Example 5.2 (Initial and Influenced Preference) For example, when a UN SC member state face two sequent bills to sanction another country (one is mild and the other is tough), and this member deems the country just deserve a mild sanction but not tough sanction, therefore, if only votes alone respectively on two bills, this member inclines to vote Y(Yes) on mild sanction bill but N(No) on tough sanction bill, which reveal the initial inclinations. However, it happens that, if the vote of this member on mild sanction is N(No), different from his initial inclination, which might be due to the influence from his allies and under pressures (such as US as the superpower and leader of NATO can exert big influences on other allies, especially his “little brothers”).

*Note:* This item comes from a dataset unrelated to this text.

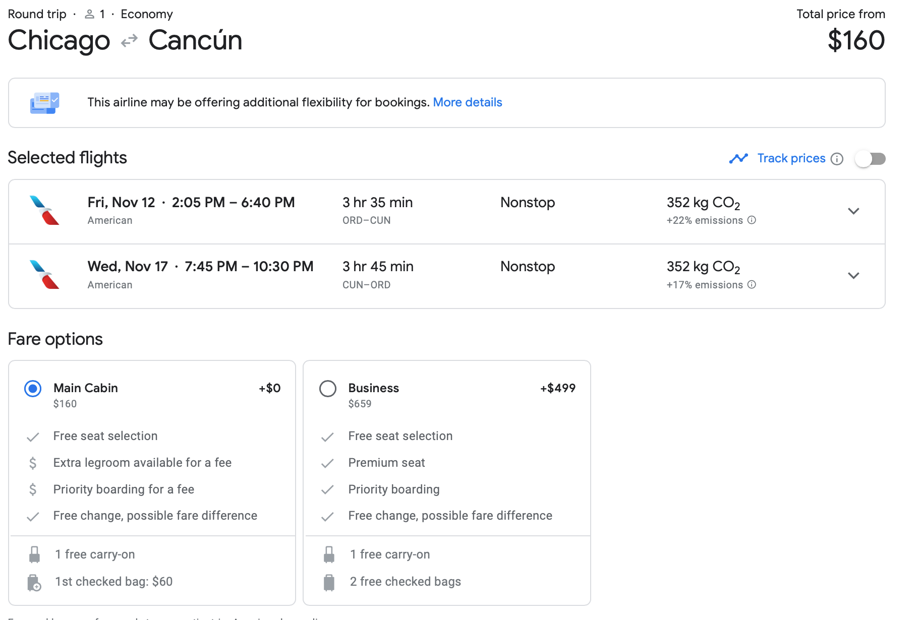 You can also score a $160 roundtrip ticket from Chicago (ORD) to Cancun in November. Note that this is a Main Cabin fare, which means a free carry-on and you get to pick your seat without having to pay a fee. Also, if you really wanted to splurge, you can upgrade your ticket to Business Class for $499.

The System of Influence Patterns by the DIS Framework

Based on the Decision-Influence-Structure (DIS) framework, the decision and the structure can both influence and be influenced by each other, we can build a system of patterns of influence with 4 categories and 24 patterns (6 patterns per each categories). As shown in table 5.1, classifying different patterns according to three dimensions:
• the first dimension is the facet of influence, the influence might flow among different issues but within one agent (represented as the vertical lines in the CP-nets [Boutilier et al., 2004a]), named as intra-influence3, or among different agents but within one issue (represented as horizontal arcs in the influenced CP-net [Maran et al., 2013]), named as interinfluence4, or crossing both different agents and different issues (which has not been fully discussed previous works, named as inter-intra or intra-inter influence.
• the second dimension is the influencing factors, is the influence coming from or originating from decision or structure.
• the third dimension is the influenced factors, is the influence going to or affecting on decision, structure, or both decision and structure. The Cartesian product for patterns of influence are {inter-influence, intra-influence, intra-inter influence, inter-intra influence}⇥{from decision, from decision and structure, from structure}⇥{to decision, to decision and structure, to structure}. Different categories and relevant patterns are discussed in the following.
As in the table, organizing all patterns of influence by horizontal axis (the facet of influence, where the influence flows at) and the vertical axis (the influencing factors and influenced factors). For every pattern of influence, the first rows mark the No of the influence (from Pattern 1 to 24), the second rows indicate the pattern of influence is already existed in previous works or firstly proposed in the thesis (as new patterns), the third row assign the corresponding statement to describe the influence (which are discussed in details in following), and the last rows state the innovation points of extended patterns compared with existed patterns (for example, it is crossing both different agents and different issues, or introducing the active role of the structure). Compared with the exiting patterns (1 and 7), other new patterns either make the structure could both be the subject and object of influence, or the influence could follow simultaneously at vertical and horizontal dimension.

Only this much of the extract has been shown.